Governments at all levels should follow Wal-Mart’s example by greening their supply chains — i.e., requiring suppliers to comply with progressive standards that reduce their environmental footprints.
Federal, state and local governments can create their own social responsibility and sustainability plans and report progress annually with third-party verification. Among other things, these plans would detail how state and local governments are using their substantial existing authorities to promote sustainable practices in buildings (through building codes), power production (through utility regulation), transportation systems (through regional planning and the investment of federal transportation money) and urban design (through zoning, tax policies and infrastructure development).
Corporations: Despite the positive news from the business sector, corporations have a long way to go. The majority of respondents in the BCG survey said “their companies were not acting decisively to fully exploit the opportunities and mitigate the risks that sustainability presents.” More than 70 percent said their companies have not developed a clear business case for sustainability.
Contradicting the Siemens’ survey, BCG found that among the companies it surveyed, most sustainability actions are the minimum required by law. TIME’s poll found that 40 percent of the 1,000 largest companies in the United States have not created publicly available environmental policies; fewer than 8 percent use third parties to verify progress on their corporate social responsibility policies.

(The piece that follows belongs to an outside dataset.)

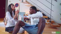 Essa gostosa safada abre as pernas como louca e é com sua saia de estudante safada que ela vai excitar esse negro como nunca antes

In the new social contract, every company hoping to earn the loyalty of green consumers would create and regularly publicize its corporate social responsibility and sustainability policies. Companies would set clear stretch goals for reducing their greenhouse gas emissions, improving their resource efficiency (including water and energy), using recycled content in their products, and replacing high-carbon with low-carbon energy.
In addition to setting environmental standards for their suppliers, certifying their progress and reporting annually, corporations would develop green labels that disclose the life-cycle environmental footprints of their products. They’d avoid green-washing by following the Federal Trade Commission’s Green Guides on labeling.

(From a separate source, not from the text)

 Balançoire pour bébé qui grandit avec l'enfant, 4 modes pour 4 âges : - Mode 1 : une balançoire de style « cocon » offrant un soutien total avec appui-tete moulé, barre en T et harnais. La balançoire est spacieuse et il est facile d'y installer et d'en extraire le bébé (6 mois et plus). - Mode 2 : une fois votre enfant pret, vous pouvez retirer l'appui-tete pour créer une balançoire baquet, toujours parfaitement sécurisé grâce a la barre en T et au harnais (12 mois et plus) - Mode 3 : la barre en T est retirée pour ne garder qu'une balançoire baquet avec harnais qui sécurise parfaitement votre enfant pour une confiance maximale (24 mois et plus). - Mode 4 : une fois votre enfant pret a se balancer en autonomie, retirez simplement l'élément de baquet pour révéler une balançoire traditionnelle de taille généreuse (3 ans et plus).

And here’s a big one: Corporations would promise to adhere to the same environmental standards overseas that they use in the United States.

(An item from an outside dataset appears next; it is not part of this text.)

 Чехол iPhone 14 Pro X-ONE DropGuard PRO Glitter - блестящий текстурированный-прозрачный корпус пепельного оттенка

Citizen-Consumers: Consumers would favor green and socially responsible companies not only in their purchases, but also in their investment portfolios. They would pledge to conserve energy, to recycle and reuse, and to support local investments in mass transit, hiking-biking paths, urban forestation and smart growth.
Who would manage such a contract and how would it be enforced? I have no idea. But the federal government could help by finishing work on a system to track national progress on sustainable development — an exercise that has been underway for years in the White House. That system could include indicators of how government, business and citizen-consumers are meeting the terms of the new social contract.
The cap-and-trade bill being considered in Congress would be a game-changer in the economy, for the first time creating price signals that discourage consumers from purchases that contribute to global warming. We need that, but we need a deeper change, too — a signal that we’ve changed our world view and consumption ethic as well as our price signals.
We need a global movement in which good government, good business and good citizenship are mutually reinforcing, with verifiable commitments to environmental and social responsibility. That would indeed be revolutionary.